» Directions: Set down, exactly, every line from the top of the listing through the one holding "La plateforme de".

» Data:
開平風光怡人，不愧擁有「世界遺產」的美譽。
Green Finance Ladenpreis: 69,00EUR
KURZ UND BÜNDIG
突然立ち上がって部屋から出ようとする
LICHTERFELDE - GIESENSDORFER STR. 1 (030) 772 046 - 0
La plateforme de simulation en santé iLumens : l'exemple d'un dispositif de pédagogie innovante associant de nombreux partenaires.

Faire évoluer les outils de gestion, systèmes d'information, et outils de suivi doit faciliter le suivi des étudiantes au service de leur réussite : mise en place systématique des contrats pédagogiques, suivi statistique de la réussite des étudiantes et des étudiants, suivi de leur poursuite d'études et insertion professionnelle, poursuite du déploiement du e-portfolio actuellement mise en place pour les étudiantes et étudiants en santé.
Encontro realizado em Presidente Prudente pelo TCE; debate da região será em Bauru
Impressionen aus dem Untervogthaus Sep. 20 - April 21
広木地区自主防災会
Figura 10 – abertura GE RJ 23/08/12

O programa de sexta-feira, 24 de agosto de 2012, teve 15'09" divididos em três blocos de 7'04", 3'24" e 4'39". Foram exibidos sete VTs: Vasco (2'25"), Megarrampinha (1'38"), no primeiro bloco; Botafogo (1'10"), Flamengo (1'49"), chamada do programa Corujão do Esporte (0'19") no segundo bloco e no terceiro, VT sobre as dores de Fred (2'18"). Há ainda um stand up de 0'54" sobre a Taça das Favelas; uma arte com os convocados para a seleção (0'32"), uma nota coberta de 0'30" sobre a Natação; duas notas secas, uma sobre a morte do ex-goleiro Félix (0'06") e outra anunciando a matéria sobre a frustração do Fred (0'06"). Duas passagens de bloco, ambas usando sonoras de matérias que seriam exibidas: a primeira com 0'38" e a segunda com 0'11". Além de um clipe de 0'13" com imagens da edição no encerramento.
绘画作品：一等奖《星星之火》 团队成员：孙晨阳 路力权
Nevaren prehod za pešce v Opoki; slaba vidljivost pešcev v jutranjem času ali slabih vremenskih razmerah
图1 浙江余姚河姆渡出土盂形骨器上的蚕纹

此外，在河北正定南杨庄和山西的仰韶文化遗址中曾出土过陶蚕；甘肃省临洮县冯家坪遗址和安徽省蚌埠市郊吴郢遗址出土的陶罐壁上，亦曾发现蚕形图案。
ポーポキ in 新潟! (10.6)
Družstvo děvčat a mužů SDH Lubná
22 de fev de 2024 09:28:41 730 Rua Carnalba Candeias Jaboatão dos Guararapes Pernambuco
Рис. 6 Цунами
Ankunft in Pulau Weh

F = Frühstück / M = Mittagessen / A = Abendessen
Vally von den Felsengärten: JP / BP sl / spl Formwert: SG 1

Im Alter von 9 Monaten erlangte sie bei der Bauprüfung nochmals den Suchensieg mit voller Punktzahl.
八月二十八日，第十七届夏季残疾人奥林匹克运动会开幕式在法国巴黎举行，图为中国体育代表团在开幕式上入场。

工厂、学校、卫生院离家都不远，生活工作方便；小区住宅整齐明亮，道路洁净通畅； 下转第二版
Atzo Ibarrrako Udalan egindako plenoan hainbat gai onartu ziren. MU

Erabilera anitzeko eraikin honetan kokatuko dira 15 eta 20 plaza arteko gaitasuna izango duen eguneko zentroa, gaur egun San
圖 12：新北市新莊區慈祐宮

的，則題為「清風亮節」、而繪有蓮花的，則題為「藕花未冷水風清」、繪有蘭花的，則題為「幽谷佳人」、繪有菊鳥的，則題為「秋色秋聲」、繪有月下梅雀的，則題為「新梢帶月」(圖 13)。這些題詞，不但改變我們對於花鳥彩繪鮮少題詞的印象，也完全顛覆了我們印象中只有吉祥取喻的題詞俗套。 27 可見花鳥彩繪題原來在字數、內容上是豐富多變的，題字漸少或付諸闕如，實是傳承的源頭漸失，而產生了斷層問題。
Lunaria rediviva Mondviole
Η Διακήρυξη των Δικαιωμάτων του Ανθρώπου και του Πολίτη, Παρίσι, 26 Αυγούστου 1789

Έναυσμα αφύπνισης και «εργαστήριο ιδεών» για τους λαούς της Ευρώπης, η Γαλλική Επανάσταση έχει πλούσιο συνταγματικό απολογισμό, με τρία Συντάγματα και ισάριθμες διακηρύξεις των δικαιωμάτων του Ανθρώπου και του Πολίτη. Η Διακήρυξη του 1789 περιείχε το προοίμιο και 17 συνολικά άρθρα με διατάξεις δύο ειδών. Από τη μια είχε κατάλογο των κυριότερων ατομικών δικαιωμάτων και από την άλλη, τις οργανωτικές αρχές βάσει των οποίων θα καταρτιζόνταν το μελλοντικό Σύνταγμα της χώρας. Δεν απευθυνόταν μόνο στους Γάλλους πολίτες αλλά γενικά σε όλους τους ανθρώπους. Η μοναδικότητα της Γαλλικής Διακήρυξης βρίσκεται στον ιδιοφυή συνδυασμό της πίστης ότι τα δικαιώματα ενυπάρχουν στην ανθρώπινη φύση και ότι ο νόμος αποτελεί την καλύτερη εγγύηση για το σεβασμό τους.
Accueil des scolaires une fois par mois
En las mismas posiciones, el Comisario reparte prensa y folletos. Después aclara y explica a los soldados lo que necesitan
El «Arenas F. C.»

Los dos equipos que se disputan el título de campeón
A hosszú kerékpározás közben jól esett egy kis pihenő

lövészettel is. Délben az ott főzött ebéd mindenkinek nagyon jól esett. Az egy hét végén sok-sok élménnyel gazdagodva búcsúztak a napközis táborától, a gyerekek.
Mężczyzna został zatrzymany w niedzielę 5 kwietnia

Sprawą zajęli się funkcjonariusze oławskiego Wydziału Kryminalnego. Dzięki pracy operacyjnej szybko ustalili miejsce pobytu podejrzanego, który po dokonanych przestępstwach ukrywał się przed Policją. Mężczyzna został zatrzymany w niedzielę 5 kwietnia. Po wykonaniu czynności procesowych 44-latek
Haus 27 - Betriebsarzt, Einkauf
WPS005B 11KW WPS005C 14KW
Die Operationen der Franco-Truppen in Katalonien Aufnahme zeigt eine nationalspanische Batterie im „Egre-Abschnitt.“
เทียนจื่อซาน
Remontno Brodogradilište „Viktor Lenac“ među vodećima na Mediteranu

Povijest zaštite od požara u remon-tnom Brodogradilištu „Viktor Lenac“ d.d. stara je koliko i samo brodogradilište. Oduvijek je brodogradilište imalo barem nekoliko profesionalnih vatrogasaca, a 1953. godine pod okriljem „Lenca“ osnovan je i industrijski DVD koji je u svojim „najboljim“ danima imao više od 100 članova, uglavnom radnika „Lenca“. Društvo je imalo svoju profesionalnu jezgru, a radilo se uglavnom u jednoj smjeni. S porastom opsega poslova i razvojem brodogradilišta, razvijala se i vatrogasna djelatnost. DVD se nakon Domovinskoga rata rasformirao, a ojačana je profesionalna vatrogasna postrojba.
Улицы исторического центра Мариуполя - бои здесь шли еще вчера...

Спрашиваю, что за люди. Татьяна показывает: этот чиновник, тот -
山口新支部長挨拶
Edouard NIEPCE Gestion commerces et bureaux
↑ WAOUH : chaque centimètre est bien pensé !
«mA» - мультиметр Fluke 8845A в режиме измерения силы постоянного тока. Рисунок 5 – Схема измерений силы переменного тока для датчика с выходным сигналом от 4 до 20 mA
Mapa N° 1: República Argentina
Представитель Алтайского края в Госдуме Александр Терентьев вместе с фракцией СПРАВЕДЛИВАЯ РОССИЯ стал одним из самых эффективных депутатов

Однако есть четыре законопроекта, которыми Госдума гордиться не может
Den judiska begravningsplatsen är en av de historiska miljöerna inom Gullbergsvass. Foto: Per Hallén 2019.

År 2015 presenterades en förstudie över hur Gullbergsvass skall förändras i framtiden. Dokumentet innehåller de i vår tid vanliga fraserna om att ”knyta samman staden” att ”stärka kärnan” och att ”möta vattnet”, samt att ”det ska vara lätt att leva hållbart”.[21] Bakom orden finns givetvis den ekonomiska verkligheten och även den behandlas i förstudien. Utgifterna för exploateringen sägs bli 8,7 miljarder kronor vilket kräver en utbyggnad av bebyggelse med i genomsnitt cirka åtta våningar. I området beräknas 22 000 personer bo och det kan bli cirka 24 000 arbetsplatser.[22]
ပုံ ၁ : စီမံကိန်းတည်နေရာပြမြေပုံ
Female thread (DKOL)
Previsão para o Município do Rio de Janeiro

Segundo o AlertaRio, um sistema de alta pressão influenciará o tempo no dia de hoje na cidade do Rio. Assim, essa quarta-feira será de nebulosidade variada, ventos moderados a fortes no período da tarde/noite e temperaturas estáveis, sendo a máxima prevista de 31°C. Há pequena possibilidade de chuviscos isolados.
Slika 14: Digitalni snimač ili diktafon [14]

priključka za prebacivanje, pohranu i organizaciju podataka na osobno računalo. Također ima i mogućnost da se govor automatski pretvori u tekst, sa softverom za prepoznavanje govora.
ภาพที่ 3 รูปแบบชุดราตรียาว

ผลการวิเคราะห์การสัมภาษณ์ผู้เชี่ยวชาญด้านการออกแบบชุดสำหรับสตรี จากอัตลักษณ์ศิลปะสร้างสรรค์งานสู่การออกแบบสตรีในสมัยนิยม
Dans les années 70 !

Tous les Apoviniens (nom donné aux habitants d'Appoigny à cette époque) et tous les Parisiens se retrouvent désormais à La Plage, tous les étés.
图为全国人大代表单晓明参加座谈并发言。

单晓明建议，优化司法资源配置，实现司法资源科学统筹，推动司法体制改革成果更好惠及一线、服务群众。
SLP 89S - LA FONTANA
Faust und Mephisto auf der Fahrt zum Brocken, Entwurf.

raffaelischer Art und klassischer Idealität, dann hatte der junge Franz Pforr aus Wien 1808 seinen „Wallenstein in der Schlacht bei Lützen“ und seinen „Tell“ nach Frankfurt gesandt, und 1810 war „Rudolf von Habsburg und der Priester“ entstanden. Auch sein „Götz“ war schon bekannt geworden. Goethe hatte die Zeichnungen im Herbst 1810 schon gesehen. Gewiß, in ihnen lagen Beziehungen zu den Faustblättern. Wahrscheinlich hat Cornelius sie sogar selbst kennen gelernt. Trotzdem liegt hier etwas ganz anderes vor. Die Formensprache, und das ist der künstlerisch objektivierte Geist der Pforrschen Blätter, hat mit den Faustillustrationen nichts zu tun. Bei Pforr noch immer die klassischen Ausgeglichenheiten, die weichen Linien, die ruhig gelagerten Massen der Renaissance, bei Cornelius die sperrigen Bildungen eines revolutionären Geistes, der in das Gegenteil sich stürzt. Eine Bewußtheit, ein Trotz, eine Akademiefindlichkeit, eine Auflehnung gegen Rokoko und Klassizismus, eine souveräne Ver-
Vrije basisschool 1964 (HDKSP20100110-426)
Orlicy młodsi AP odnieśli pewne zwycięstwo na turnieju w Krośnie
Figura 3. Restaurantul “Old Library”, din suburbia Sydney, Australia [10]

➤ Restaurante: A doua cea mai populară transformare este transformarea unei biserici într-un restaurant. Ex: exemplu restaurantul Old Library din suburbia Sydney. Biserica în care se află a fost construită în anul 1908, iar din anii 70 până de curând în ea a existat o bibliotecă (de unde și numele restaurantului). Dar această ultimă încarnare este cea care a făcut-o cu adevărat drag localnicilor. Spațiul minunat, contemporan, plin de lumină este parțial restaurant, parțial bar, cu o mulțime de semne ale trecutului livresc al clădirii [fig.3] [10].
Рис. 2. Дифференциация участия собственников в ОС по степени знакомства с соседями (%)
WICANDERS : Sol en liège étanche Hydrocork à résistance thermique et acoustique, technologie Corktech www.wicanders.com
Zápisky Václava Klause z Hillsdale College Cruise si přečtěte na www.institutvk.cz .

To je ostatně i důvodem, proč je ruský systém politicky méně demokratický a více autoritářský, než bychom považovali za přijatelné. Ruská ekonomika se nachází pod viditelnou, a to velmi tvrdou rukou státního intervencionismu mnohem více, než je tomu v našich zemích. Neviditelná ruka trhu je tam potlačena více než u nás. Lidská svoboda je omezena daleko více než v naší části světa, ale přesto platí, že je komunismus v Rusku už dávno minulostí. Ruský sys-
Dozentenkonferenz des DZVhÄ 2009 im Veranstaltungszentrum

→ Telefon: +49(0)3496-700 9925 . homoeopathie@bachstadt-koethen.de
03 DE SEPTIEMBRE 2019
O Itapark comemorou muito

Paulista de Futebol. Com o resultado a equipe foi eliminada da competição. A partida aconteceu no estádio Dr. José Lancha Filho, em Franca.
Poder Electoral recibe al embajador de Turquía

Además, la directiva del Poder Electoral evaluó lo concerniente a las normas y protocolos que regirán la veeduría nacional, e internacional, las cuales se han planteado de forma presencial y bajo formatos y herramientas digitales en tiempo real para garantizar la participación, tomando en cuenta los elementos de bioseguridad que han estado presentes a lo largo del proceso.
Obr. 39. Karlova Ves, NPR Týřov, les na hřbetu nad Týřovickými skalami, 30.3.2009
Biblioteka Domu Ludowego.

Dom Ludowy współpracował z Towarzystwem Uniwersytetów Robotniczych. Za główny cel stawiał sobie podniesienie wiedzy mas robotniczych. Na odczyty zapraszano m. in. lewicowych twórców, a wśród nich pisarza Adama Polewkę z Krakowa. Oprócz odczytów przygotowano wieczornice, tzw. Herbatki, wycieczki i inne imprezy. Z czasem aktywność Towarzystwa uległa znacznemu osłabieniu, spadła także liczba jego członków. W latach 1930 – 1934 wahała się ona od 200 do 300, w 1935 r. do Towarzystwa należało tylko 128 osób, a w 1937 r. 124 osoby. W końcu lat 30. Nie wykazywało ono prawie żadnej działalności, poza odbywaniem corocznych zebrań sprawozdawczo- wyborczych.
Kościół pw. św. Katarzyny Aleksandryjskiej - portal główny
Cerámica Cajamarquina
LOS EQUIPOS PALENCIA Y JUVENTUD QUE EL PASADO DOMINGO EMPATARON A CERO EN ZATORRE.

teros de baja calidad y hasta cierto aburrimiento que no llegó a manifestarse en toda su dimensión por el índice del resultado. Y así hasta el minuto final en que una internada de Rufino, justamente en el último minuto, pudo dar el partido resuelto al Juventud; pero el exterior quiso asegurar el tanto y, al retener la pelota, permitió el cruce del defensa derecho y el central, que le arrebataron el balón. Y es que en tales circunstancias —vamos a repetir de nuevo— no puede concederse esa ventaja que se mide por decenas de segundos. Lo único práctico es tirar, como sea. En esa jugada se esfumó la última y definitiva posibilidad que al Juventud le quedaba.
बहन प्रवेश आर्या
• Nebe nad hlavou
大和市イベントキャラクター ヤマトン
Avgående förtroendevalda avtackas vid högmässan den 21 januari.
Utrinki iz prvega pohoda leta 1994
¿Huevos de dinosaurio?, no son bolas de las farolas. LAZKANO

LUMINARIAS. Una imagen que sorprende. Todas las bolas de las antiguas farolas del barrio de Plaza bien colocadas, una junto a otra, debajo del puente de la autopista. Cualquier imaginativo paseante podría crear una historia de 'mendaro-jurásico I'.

» Solution for this exercise:
開平風光怡人，不愧擁有「世界遺產」的美譽。
Green Finance Ladenpreis: 69,00EUR
KURZ UND BÜNDIG
突然立ち上がって部屋から出ようとする
LICHTERFELDE - GIESENSDORFER STR. 1 (030) 772 046 - 0
La plateforme de simulation en santé iLumens : l'exemple d'un dispositif de pédagogie innovante associant de nombreux partenaires.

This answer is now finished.